TRY IT: Each record, minus any picture, should be returned exactly as written.

DATASET RECORDS:
========================================

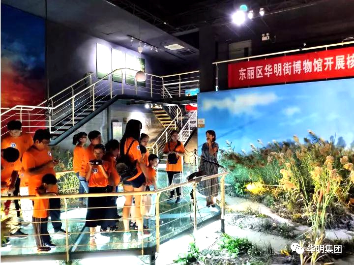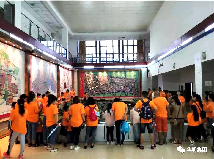第一站到達(dá)世博華明館后,孩子們有序的跟在講解員的身后,認(rèn)真的聽著講解員的講解,時不時問問爸爸媽媽這個是什么那個是什么。當(dāng)聽講解員說華明街原來叫荒草坨鄉(xiāng),后來由于咱們?nèi)A明集團(tuán)輝煌發(fā)展,為地方的發(fā)展做出巨大貢獻(xiàn),因此后來就命名為華明街的時候,一個個帶著童真的笑容,自豪地望著自己的爸爸媽媽。
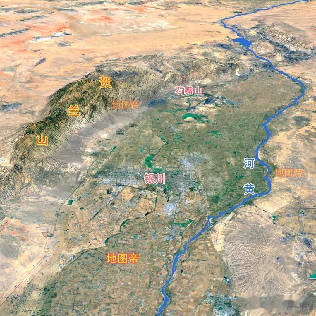 贺兰山脉位于黄河“几”字一 “丿”以西,南北长约200多千米,东西宽约20-60千米,面积约610平方千米。
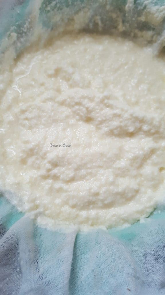 - Remove the water content from the curdled mixture or cheese by hanging for 15 minutes.
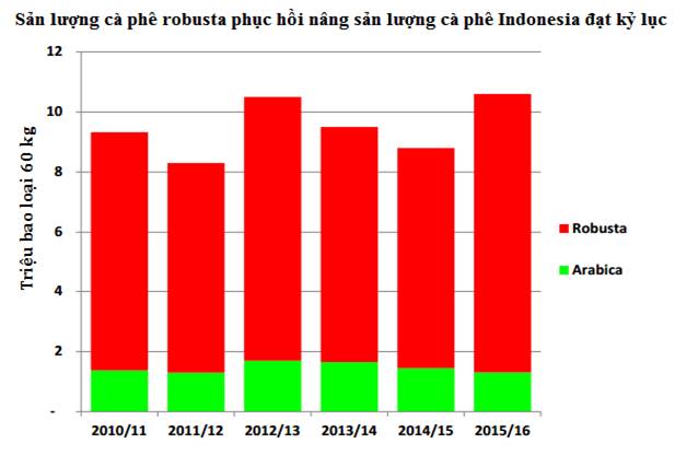 Sản lượng cà phê niên vụ 2015/16 của Indonesia dự báo tăng 1,8% đạt mức kỷ lục 10,6 triệu bao, nhờ sản lượng cà phê robusta phục hồi do điều kiện thời tiết thuận lợi trong giai đoạn cà phê ra hoa. Tuy nhiên giai đoạn này theo sau là thời kỳ lượng mưa dưới mức trung bình khiến cho năng suất cà phê arabica (ra hoa muộn hơn) giảm nhẹ với dự báo sản lượng cà phê arabica giảm 100.000 bao xuống mức 1,3 triệu bao. Xuất khẩu cà phê trong niên vụ hiện tại của Indonesia dự báo phục hồi 400.000 bao lên 5,5 triệu bao do xuất khẩu sang EU tăng trong khi xuất khẩu cà phê hòa tan kỳ vọng tăng 700.000 bao lên 2,6 triệu bao chủ yếu do nhu cầu tiêu thụ mạnh từ Philippines.
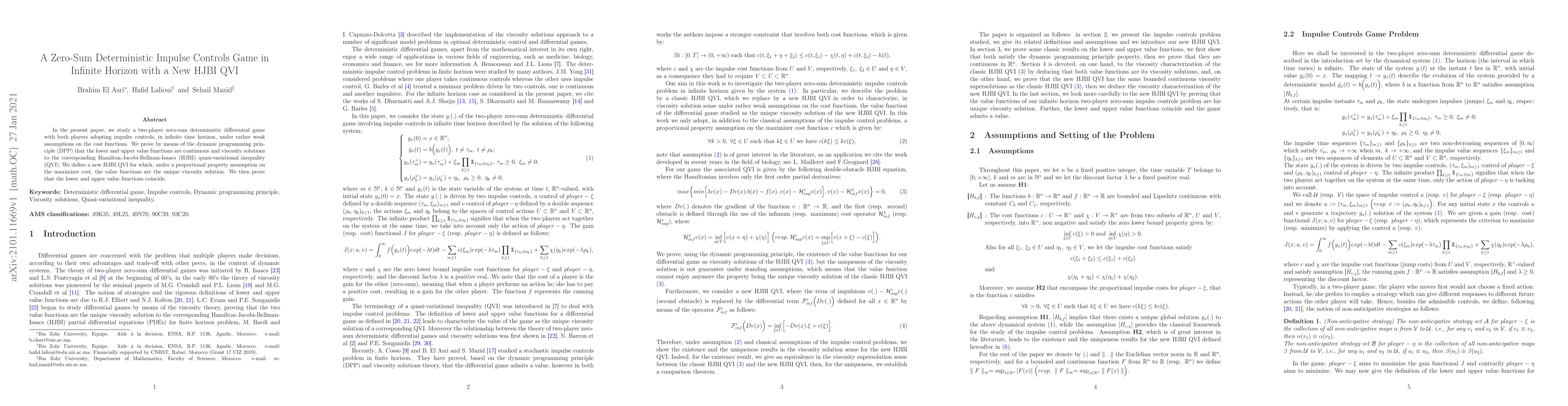 This paper investigates a two-player zero-sum deterministic impulse control game with an infinite horizon, proving continuity and viscosity solution properties for the lower and upper value functions via the dynamic programming principle. It introduces a new Hamilton-Jacobi-Bellman-Isaacs quasi-variational inequality (HJBI QVI) under which the value functions are unique and coincide.

========================================

EXPECTED OUTPUT:
第一站到達(dá)世博華明館后,孩子們有序的跟在講解員的身后,認(rèn)真的聽著講解員的講解,時不時問問爸爸媽媽這個是什么那個是什么。當(dāng)聽講解員說華明街原來叫荒草坨鄉(xiāng),后來由于咱們?nèi)A明集團(tuán)輝煌發(fā)展,為地方的發(fā)展做出巨大貢獻(xiàn),因此后來就命名為華明街的時候,一個個帶著童真的笑容,自豪地望著自己的爸爸媽媽。
 贺兰山脉位于黄河“几”字一 “丿”以西,南北长约200多千米,东西宽约20-60千米,面积约610平方千米。
 - Remove the water content from the curdled mixture or cheese by hanging for 15 minutes.
 Sản lượng cà phê niên vụ 2015/16 của Indonesia dự báo tăng 1,8% đạt mức kỷ lục 10,6 triệu bao, nhờ sản lượng cà phê robusta phục hồi do điều kiện thời tiết thuận lợi trong giai đoạn cà phê ra hoa. Tuy nhiên giai đoạn này theo sau là thời kỳ lượng mưa dưới mức trung bình khiến cho năng suất cà phê arabica (ra hoa muộn hơn) giảm nhẹ với dự báo sản lượng cà phê arabica giảm 100.000 bao xuống mức 1,3 triệu bao. Xuất khẩu cà phê trong niên vụ hiện tại của Indonesia dự báo phục hồi 400.000 bao lên 5,5 triệu bao do xuất khẩu sang EU tăng trong khi xuất khẩu cà phê hòa tan kỳ vọng tăng 700.000 bao lên 2,6 triệu bao chủ yếu do nhu cầu tiêu thụ mạnh từ Philippines.
 This paper investigates a two-player zero-sum deterministic impulse control game with an infinite horizon, proving continuity and viscosity solution properties for the lower and upper value functions via the dynamic programming principle. It introduces a new Hamilton-Jacobi-Bellman-Isaacs quasi-variational inequality (HJBI QVI) under which the value functions are unique and coincide.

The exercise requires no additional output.